Presiding Judge: So that means that at that time Resettlement and Evacuation were still within the authority of your Department?

Accused: Yes, as far as the duties of Department IV were concerned.

Presiding Judge: And that is how this matter reached you, through Heydrich or through Mueller, as you have explained.

Accused: That is correct, Your Honour.

Dr. Servatius: I come now to the chapter on concentration camps, file 39. The first exhibit is T/1375, document No. 11. The document was already referred to under sterilization. The first paragraph is of interest now. This is a letter from SS Oberfuehrer Viktor Brack to Himmler, dated 23 June 1942. In the first paragraph Brack writes:

"On instructions from Reichsleiter Bouhler, I have already long ago made available part of my staff to Brigadefuehrer Globocnik, in order to implement his special assignment. Following a further request from him, I have now assigned more of my men to him. In this connection, Brigadefuehrer Globocnik argued that the entire Jewish operation should be carried out as speedily as possible, in order to avoid being interrupted in the middle, one day, if difficulties were to arise which would require the operation to be halted. You yourself, Reichsfuehrer, had already expressed your opinion that, if only for reasons of camouflage, the work should be carried out as quickly as possible."
He is talking about making his men available. In explanation I would point out in advance which people are involved. They are referred to later in the documents. Reichsleiter Bouhler is the person who performed euthanasia, initially on the mentally ill, and in a later operation also on others known as "useless consumers." Dr. Pfannenstiel's name is mentioned, and then a Regierungsrat or Oberregierungsrat Lindner of the Reich Ministry of the Interior, who deals with the bureaucratic aspects, and several others. There is also a reference to a Dr. Blankenburg, a physician, and in this connection the name Guenther is also mentioned.

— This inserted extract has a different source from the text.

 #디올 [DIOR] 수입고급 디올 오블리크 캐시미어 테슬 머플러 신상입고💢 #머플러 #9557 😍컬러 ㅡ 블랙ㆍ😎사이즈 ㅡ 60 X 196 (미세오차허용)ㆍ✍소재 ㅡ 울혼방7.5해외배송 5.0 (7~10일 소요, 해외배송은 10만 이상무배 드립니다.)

I proceed to the next exhibit; this is one of the pieces of testimony by Judge - SS Judge - Dr. Morgen, dated 7 August 1946. This is his testimony to the International Military Tribunal.

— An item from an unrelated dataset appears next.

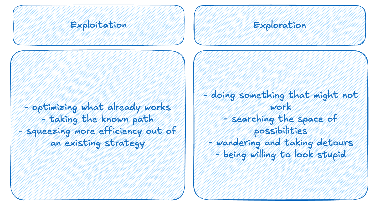 A system that only exploits becomes very good at a narrow thing and then gets stuck. A system that explores creates the possibility of discovering something better, something stranger or even something that rewrites what better even means altogether.

Presiding Judge: What is the number of the exhibit, Dr. Servatius?

Dr. Servatius: Document No. 49. I submit the exhibit as evidence. It contains the testimony and reports on what he investigated in the concentration camps, with Wirth and Hoess.

Presiding Judge: What became of Morgen, Dr. Servatius, is he still alive?

Dr. Servatius: I cannot say; I can only assume so, as he was not particularly old, and, according to the documents available, he would seem to have behaved properly.

Presiding Judge: Mr. Hausner, what is your opinion?

Attorney General: I regret that Dr. Servatius did not inform us accordingly by the time fixed by the Court for submission of statements, as I would have been glad to examine Dr. Morgen, at least in Germany. However, I shall not at this stage oppose submission of this document.

Presiding Judge:

Decision No. 90

We allow submission of Dr. Morgen's testimony as an exhibit in these proceedings. The Attorney General has no objections. I mark this N/94.

Dr. Servatius: Your Honour, since the witness made several statements, might I point out that this is the hearing on 7 August 1946.

Presiding Judge: On which page in the transcript before us, Dr. Servatius?